» What needs to be done
Everything from the line containing "A sétima excelente" through the last line of the entries needs to be repeated exactly. Pictures must be left out.

..............................

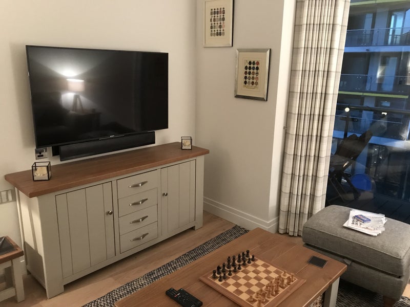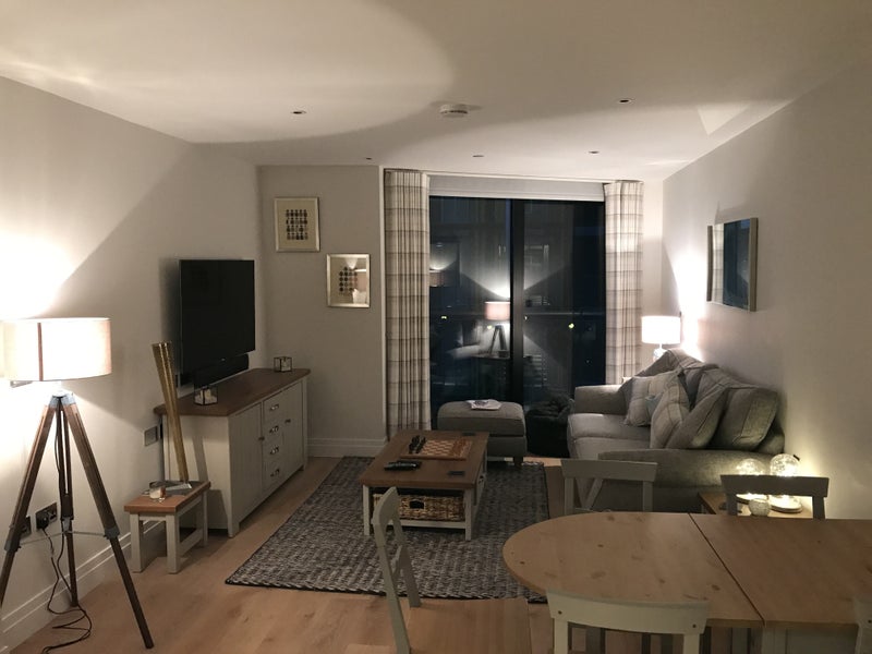 The flat has two bedrooms, two bathrooms and two balconies. The bedroom available has a double bed, flat screen TV on the wall with SKY HD TV and sliding doors onto the main balcony. The tenant will have sole use of the main bathroom. The bedroom has built in wardrobes with lots of storage.
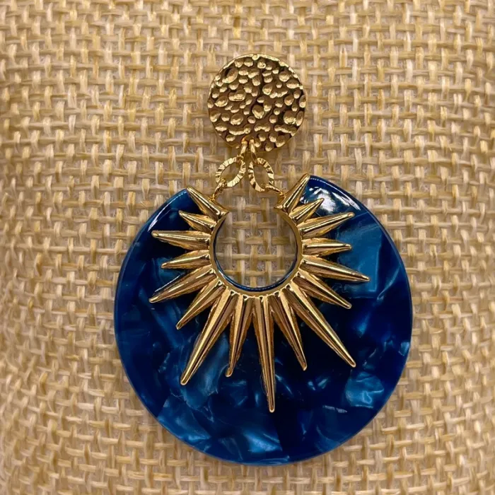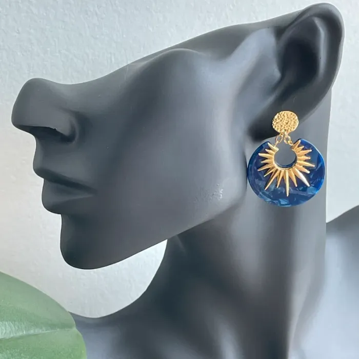 Boucles d’oreilles bleues nacrées pendantes en acier inoxydable (chirurgical) doré
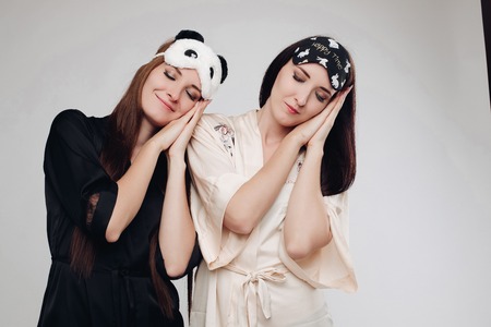 Lifestyle, friendship and people concept - two beautiful girls dressed in pajamas hugging and smiling
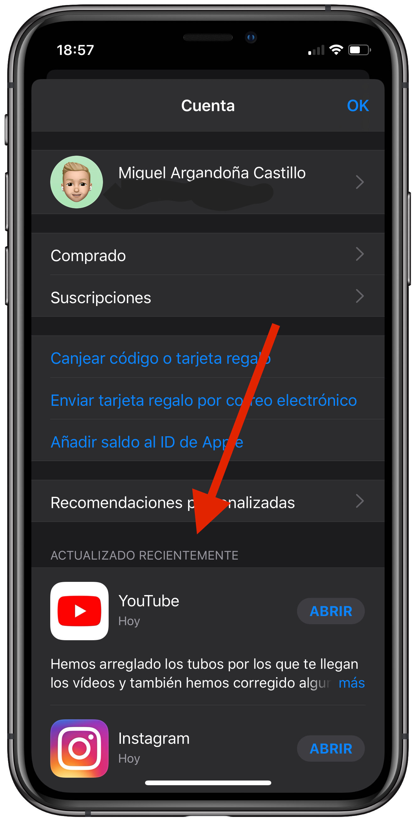 Es por eso que quizás te aparezca de vez en cuando una notificación en el icono de tu perfil en la App Store. Esta notificación nos indica que tenemos actualizaciones disponibles y que es ahí donde debemos entrar para hacerlo.
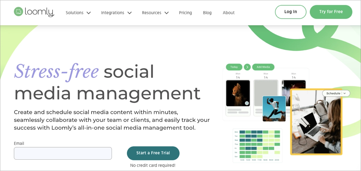 A sétima excelente ferramenta de marketing de mídia social é a Loomly, uma plataforma que simplifica o planejamento de conteúdo e a colaboração em equipe para profissionais de marketing de mídia social. Seu painel oferece suporte à criação, programação e aprovação de conteúdo, o que a torna uma escolha sólida para agências e equipes de marketing que gerenciam várias contas.
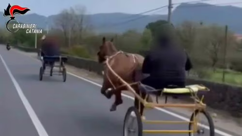 L’operazione è scattata intorno alle ore 07:40, quando una pattuglia dell’Aliquota Radiomobile della Compagnia di Randazzo, percorrendo la SP7/2, ha sorpreso due calessi lanciati a velocità sostenuta, ciascuno trainato da cavalli e guidati da fantini, seguiti da numerosi veicoli e motocicli utilizzati presumibilmente come scorta e supporto logistico.

..............................

» Task result
 A sétima excelente ferramenta de marketing de mídia social é a Loomly, uma plataforma que simplifica o planejamento de conteúdo e a colaboração em equipe para profissionais de marketing de mídia social. Seu painel oferece suporte à criação, programação e aprovação de conteúdo, o que a torna uma escolha sólida para agências e equipes de marketing que gerenciam várias contas.
 L’operazione è scattata intorno alle ore 07:40, quando una pattuglia dell’Aliquota Radiomobile della Compagnia di Randazzo, percorrendo la SP7/2, ha sorpreso due calessi lanciati a velocità sostenuta, ciascuno trainato da cavalli e guidati da fantini, seguiti da numerosi veicoli e motocicli utilizzati presumibilmente come scorta e supporto logistico.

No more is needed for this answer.